> [WORK TO BE COMPLETED]:
Pictures are to be left out; every line from the one with "연준의 금리인하 속도가" through the end of the data must be transcribed exactly.

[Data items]
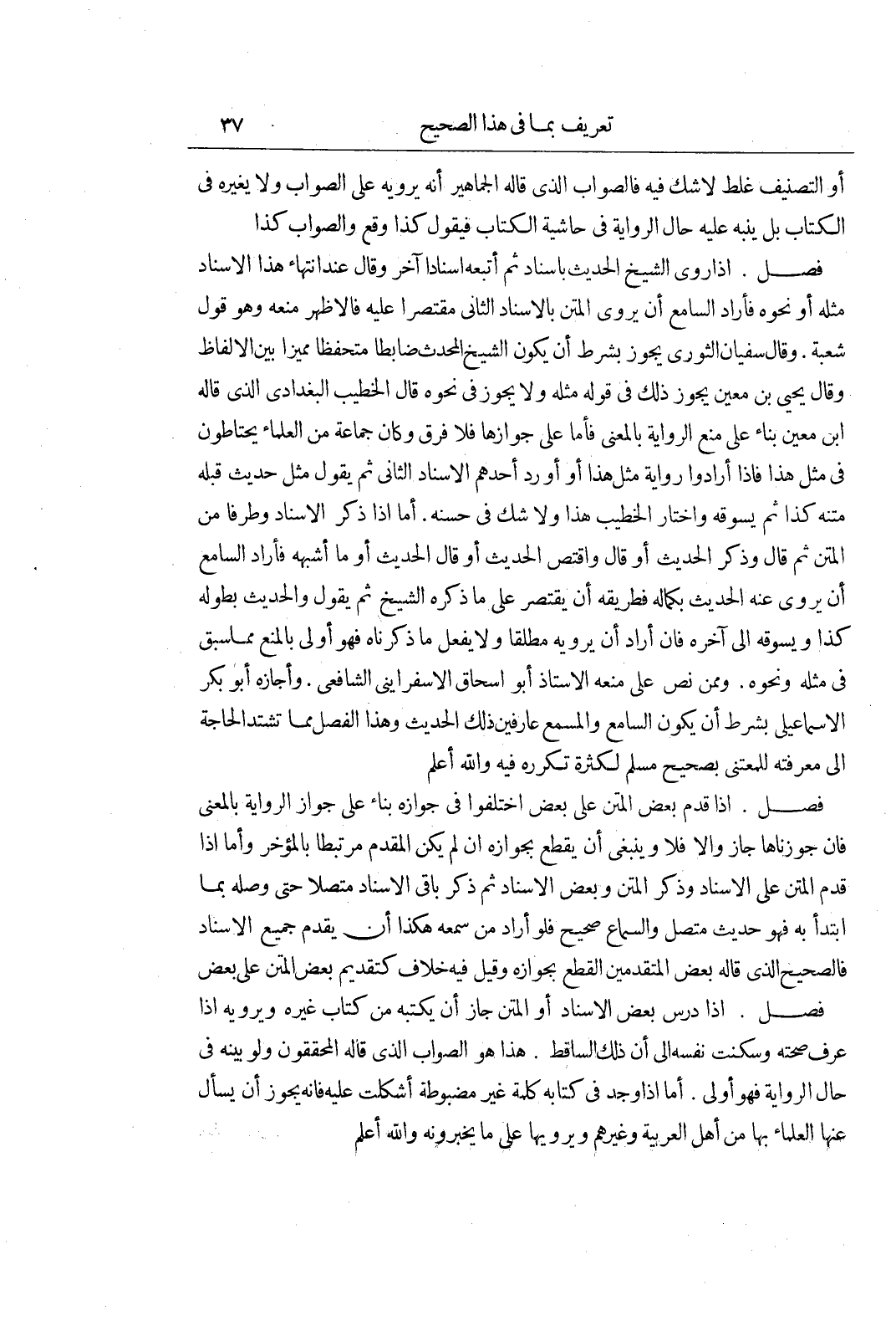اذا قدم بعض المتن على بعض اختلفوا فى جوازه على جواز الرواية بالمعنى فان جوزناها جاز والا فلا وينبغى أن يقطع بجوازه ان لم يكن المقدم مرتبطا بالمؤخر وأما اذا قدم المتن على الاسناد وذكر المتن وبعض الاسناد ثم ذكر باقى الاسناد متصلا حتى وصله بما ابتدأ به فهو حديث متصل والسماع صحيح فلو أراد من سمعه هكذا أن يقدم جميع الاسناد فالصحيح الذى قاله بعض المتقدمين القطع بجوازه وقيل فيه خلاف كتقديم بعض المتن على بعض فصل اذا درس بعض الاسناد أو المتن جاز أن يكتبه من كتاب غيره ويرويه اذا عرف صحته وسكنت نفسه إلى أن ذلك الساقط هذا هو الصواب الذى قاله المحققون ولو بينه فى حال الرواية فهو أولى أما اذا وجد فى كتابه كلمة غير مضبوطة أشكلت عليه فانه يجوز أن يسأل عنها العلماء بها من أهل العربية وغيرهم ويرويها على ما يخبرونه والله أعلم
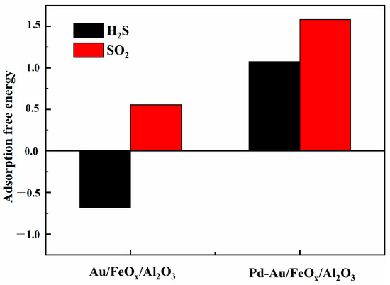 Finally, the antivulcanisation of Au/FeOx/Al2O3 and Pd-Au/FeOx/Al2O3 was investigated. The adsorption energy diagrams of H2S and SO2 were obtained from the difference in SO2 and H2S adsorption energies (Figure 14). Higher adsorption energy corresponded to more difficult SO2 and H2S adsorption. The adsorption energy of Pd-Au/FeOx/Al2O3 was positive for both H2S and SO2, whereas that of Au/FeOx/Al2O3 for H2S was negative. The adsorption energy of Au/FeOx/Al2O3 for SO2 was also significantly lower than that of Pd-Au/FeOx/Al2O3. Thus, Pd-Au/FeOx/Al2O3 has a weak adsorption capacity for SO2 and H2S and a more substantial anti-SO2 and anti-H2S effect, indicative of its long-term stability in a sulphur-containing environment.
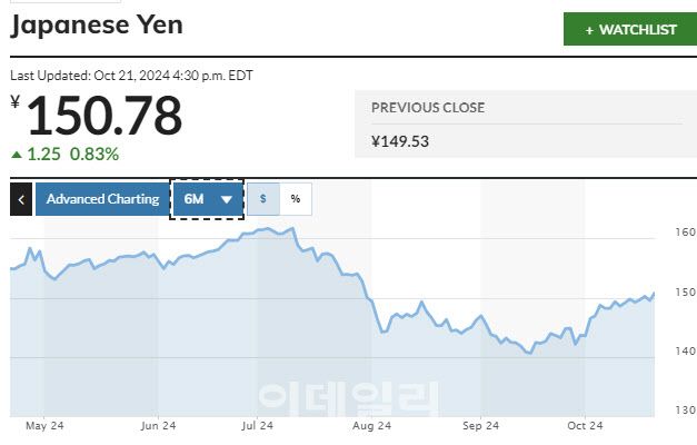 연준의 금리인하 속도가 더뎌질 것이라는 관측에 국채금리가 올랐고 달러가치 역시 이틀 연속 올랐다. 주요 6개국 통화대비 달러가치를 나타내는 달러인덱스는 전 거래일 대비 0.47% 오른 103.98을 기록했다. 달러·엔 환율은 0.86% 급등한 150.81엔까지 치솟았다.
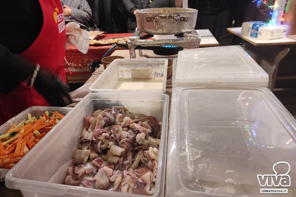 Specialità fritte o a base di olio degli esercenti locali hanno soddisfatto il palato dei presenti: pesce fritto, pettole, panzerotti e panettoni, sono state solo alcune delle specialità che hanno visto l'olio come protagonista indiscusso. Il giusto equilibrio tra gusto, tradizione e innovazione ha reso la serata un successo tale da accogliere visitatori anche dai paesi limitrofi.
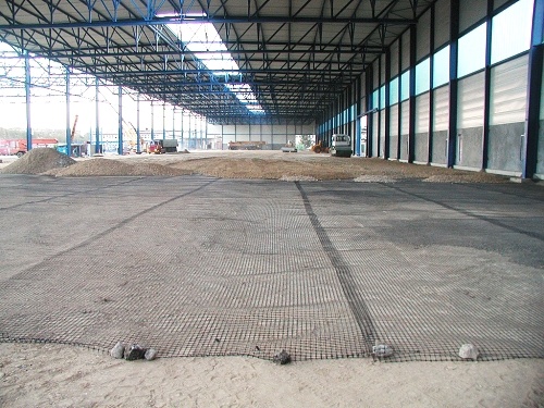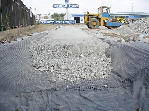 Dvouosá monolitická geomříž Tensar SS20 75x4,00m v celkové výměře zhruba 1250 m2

> [SOLUTION TO THE EXERCISE]:
 연준의 금리인하 속도가 더뎌질 것이라는 관측에 국채금리가 올랐고 달러가치 역시 이틀 연속 올랐다. 주요 6개국 통화대비 달러가치를 나타내는 달러인덱스는 전 거래일 대비 0.47% 오른 103.98을 기록했다. 달러·엔 환율은 0.86% 급등한 150.81엔까지 치솟았다.
 Specialità fritte o a base di olio degli esercenti locali hanno soddisfatto il palato dei presenti: pesce fritto, pettole, panzerotti e panettoni, sono state solo alcune delle specialità che hanno visto l'olio come protagonista indiscusso. Il giusto equilibrio tra gusto, tradizione e innovazione ha reso la serata un successo tale da accogliere visitatori anche dai paesi limitrofi.
 Dvouosá monolitická geomříž Tensar SS20 75x4,00m v celkové výměře zhruba 1250 m2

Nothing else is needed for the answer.